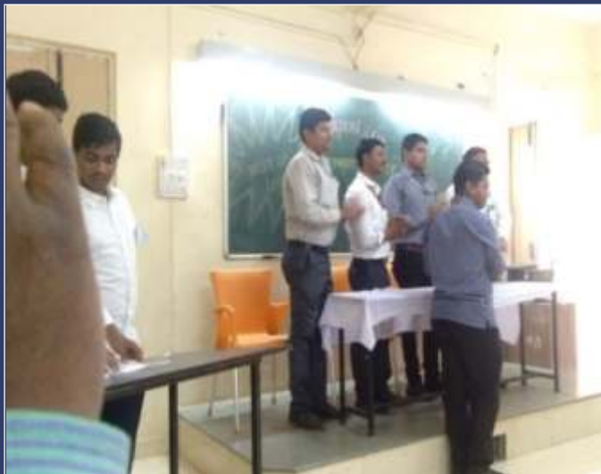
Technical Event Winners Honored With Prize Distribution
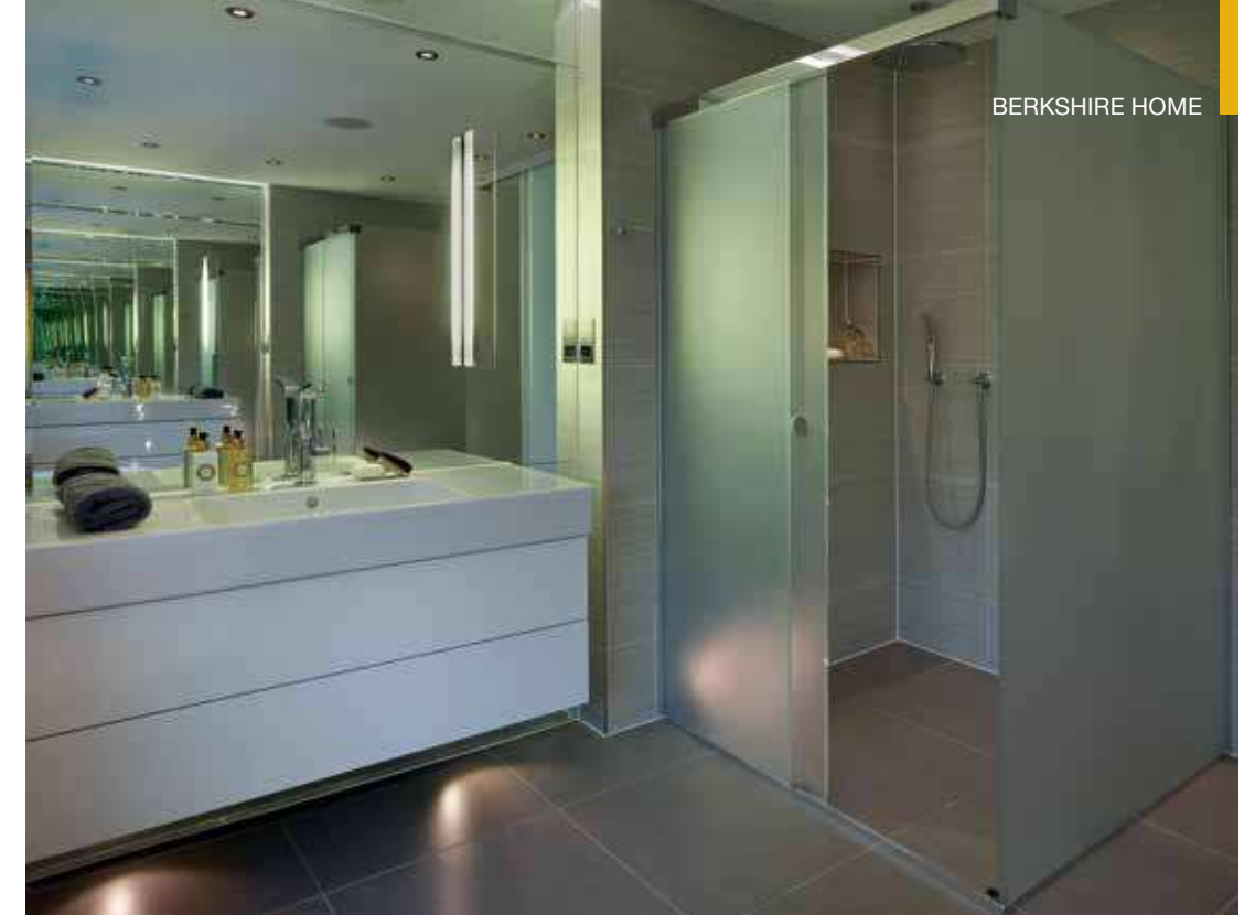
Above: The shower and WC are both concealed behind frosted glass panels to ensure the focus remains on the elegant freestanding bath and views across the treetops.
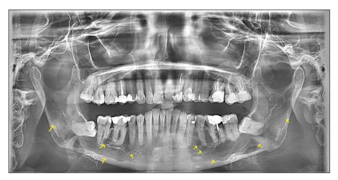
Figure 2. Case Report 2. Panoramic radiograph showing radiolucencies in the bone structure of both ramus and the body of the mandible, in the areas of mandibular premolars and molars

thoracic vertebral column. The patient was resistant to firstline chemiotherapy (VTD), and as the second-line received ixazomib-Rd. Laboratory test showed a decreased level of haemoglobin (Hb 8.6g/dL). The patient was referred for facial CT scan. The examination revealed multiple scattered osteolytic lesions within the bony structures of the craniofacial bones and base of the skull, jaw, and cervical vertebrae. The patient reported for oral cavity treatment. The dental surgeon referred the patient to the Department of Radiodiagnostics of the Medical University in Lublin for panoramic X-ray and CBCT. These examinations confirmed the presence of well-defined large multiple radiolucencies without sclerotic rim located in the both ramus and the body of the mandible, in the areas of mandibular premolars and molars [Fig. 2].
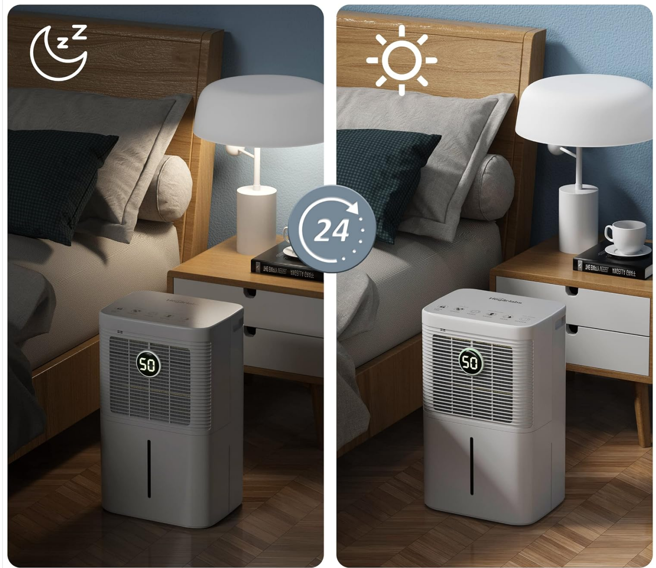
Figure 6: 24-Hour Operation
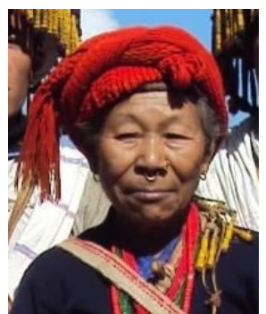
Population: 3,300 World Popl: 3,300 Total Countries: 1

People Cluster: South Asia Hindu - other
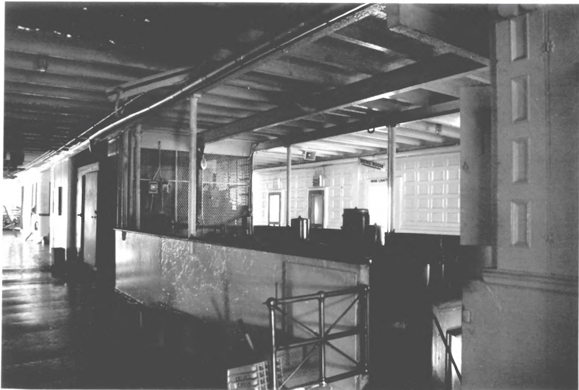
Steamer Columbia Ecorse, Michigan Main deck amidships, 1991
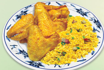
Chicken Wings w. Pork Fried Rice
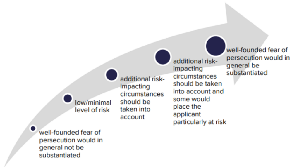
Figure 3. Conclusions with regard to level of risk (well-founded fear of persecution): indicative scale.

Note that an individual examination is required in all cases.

**Aim of the exercise:** Going through the listing above, copy out every line that has the string "Figure".

**Reply to the exercise:**
Figure 2. Case Report 2. Panoramic radiograph showing radiolucencies in the bone structure of both ramus and the body of the mandible, in the areas of mandibular premolars and molars
Figure 6: 24-Hour Operation
Figure 3. Conclusions with regard to level of risk (well-founded fear of persecution): indicative scale.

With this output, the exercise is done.